なんだかんだ言っても、まだ解散しておらず現役のストーンズは、昔のデモ音源に頼ることなく、現体制での純然たる新曲を用意してアルバムを作った。この違いは大きい。正直言うと、40年以上前の、それも未完成のデモを元に曲を作る、しかもデモを作った本人も故人である、という状況下で発表される”新曲”を”新曲”と呼んでいいのか、と疑問に思う。今ビートルズの新曲を出す意味があるのか? 50年以上も前に解散したバンドの新しいマテリアルがそんなに必要か? しかも、ひたすらジョン・レノンにこだわってるし。どうしてもと言うなら、存命のポールとリンゴの2人で新曲を作ってレコーディングし、ビートルズとして発表する方が、納得できる気がする。

実際、28年前のビートルズのアンソロジー・プロジェクトの時もそうだったけど、古い音源を整理して新譜として発表する、というのは、あまり好きではないけど、ビートルズだし、それなりに需要もあるだろうし、まぁ仕方ないか、という目で見ていたが、古いデモ音源を元にした”新曲”を出すのは疑問だった。ビートルズの存在が偉大なだけに、そんな話題作りせんでもいいのに、と思っていたのである。ビートルズに限らず、歴史の長いバンドやアーティストが、旧作の新編集盤を出したり、未発表の古い音源を発表したりするのは、今や当たり前なんであるが、ビートルズの再発や発掘はちとやり過ぎではなかろうか。単なるリマスターやボーナストラックの追加程度にとどまらず、『レット・イット・ビー』や『イエロー・サブマリン』みたいに違う物になってしまったのもある。ビートルズがあまりにも偉大なので、旧作を良い音で聴く、なんて程度の聴き方では、ファンも関係者も満足出来なくなっているのだろう。僕は全く手を出してないけど(笑)

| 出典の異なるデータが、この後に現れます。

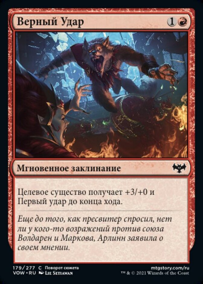 | Rules | Target creature gets +3/+0 and gains first strike until end of turn. |
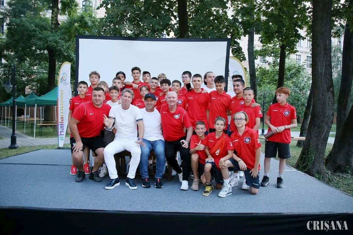 Evenimentul a avut loc vineri seara, în parcul Muzeului Ţării Crişurilor (MTC), în cadrul programului estival al muzeului numit „Tipografia de idei”, ediţia a II-a. Florin Răducioiu şi Jean Vlădoiu, foşti fotbalişti internaţionali şi membri ai generaţiei de aur, s-au întâlnit cu suporterii în cadrul unei conferințe tematice. Moderatorul evenimentului a fost managerul complexului muzeal MTC, prof. univ. dr. Gabriel Moisa. Ulterior conferinţei a avut loc proiecţia filmului „Hai, România! - Povestea Generaţiei de Aur", regizat de Claudiu Mitcu, după un scenariu semnat de scriitorul Andrei Crăciun. Documentarul sportiv îi are ca protagonişti pe cei care au fost, pe bună dreptate, consideraţi a fi ,,generaţia de aur” a fotbalului românesc prin prisma rezultatelor extraordinare obţinute în perioada 1980-2000. Este perioada în care echipa naţională a României a ajuns pe locul trei în lume în clasamentul FIFA şi a reuşit recordul a trei calificări consecutive la trei campionate mondiale (1990-1994-1998) şi două calificări consecutive la două campionate europene de fotbal (1996 şi 2000). Florin Răducioiu, atacantul central al echipei naţionale, a fost prezent la campionatele mondiale din 1990 şi 1994, unde a marcat patru goluri, dar şi la europeanul din 1996, unde a marcat un gol. Este singurul fotbalist român care a evoluat în toate marile campionate naţionale ale Europei (Italia, Spania, Anglia, Germania şi Franţa), iar la echipa naţională a strâns 40 de meciuri jucate, marcând 21 de goluri. În martie 2008 a fost decorat cu Ordinul „Meritul Sportiv” clasa a III-a pentru rezultatele obţinute la turneele finale din perioada 1990-2000 şi pentru întreaga activitate. Jean Vlădoiu, combativul atacant al reprezentativei României prezent la mondialul din 1994 şi europeanul din 1996, a avut 28 de selecţii şi a marcat două goluri pentru echipa naţională. De-a lungul carierei a evoluat cu succes la toate cele trei mari echipe din capitală (Rapid, Steaua şi Dinamo), dar şi o perioadă în campionatul german. La fel ca alţi membri ai naţionalei, a fost şi el decorat cu Ordinul „Meritul Sportiv” clasa a III-a, pentru rezultatele obţinute la turneele finale din perioada 1990-2000 şi pentru întreaga activitate.

実は、レコード・コレクターズ最新号の特集が、ビートルズの「ナウ・アンド・ゼン」及び『赤盤』『青盤』の2023新装版なんである。今回は、曲や内容が云々というより、CDの音圧や音質をテーマにした原稿が多いような気がする。語る事がなくなってしまったんだね(笑) ま、ビートルズに限らないけど、昔の盤と最新のリマスター盤とを聞き比べて、リマスターの方がフェードアウトが5秒早いとか、リマスターの方が間奏のギターが真ん中に寄っているとか、あれこれ検証してるのって、一体何の意味があるのだろうか。正に重箱の隅である(笑)ほんと、どうでもよろしい。読んでてもちっとも面白くないし(笑)

それに引き換えストーンズである。旧作のデラックス・エディション或いはアニバーサリー・エディションもリリースされているけど、実はまだ立派な現役である彼らは、オール新曲でニュー・アルバムを発表した。素晴らしい心意気である。ロック・バンドはこうでなくては。ビートルズと違い、ミックとキースの主要メンバーが元気なので、昔と同じようにバンドが運営されているのだろう。

で、その18年ぶりの新作が、実に素晴らしいのである。前作すなわち18年前の『ア・ビガー・バン』がそうだったように、今回の『ハックニー・ダイアモンズ』も、原点回帰したかのようなストレートなロックンロールが主体になっているが、シンプルかつキャッチーなリフやメロディは健在、新機軸はないけど、決してワンパターンでもなく、曲のクォリティなんて以前より上がっているような感じもするし、一体どうなってるんだストーンズ、原点に立ち戻っているにもかかわらず、さらに高いステージに進んでしまったような、そんな印象のアルバムになっている。ファンでなくても、是非聴いてみて下さい(笑)

個人的には、「ゲット・クロース」「メス・イット・アップ」あたりが好きかな。メロウな感じもする「ディペンデング・オン・ユー」もいい。レディ・ガガが参加したゴスペルチックな「スイート・サウンズ・オブ・ヘブン」もいいね。チャーリー・ワッツ参加の音源が混じってるのも嬉しい。コピーしたいです(笑) 昔、ストーンズのコピーやってたバンドのメンバーに声かけたくなってしまった(爆)

同じ”新曲”とはいえ、昔のデモにこだわるビートルズと、まだ現役のストーンズとでは、既に勝負あった、というところか。別にビートルズが悪いのではなく、実際ポールもリンゴも精力的に活動してるんだから、立派な現役なんだし、ビートルズの新曲出すのなら、この二人で作ればいいじゃん、なんて思ってしまうのだ。ファンも喜ぶと思うよ。でも、ジョンのいないビートルズなんてビートルズじゃないのかな。それは凄く理解出来る。ただ、昔のジョンのデモをビートルズの新曲に仕立てる、というのは、やっぱり違うと思う。

と、まぁ、そういう訳で、どういう形であれ、新作出せば話題になるビートルズとストーンズ、どちらも凄いと思う。ベテランもまだまだ頑張って欲しい。クイーンも紅白に出るし(爆)、みんなまだ現役なのである(笑)

最後に余談^^; ”新曲”とは関係ないけと、前述のレコードコレクターズ最新号によると、ビートルズの曲でサブスクで最もストリーミング再生されているのは、なんと「ヒア・カムズ・ザ・サン」なのだそうな。なんというか、色々な意味で嬉しい。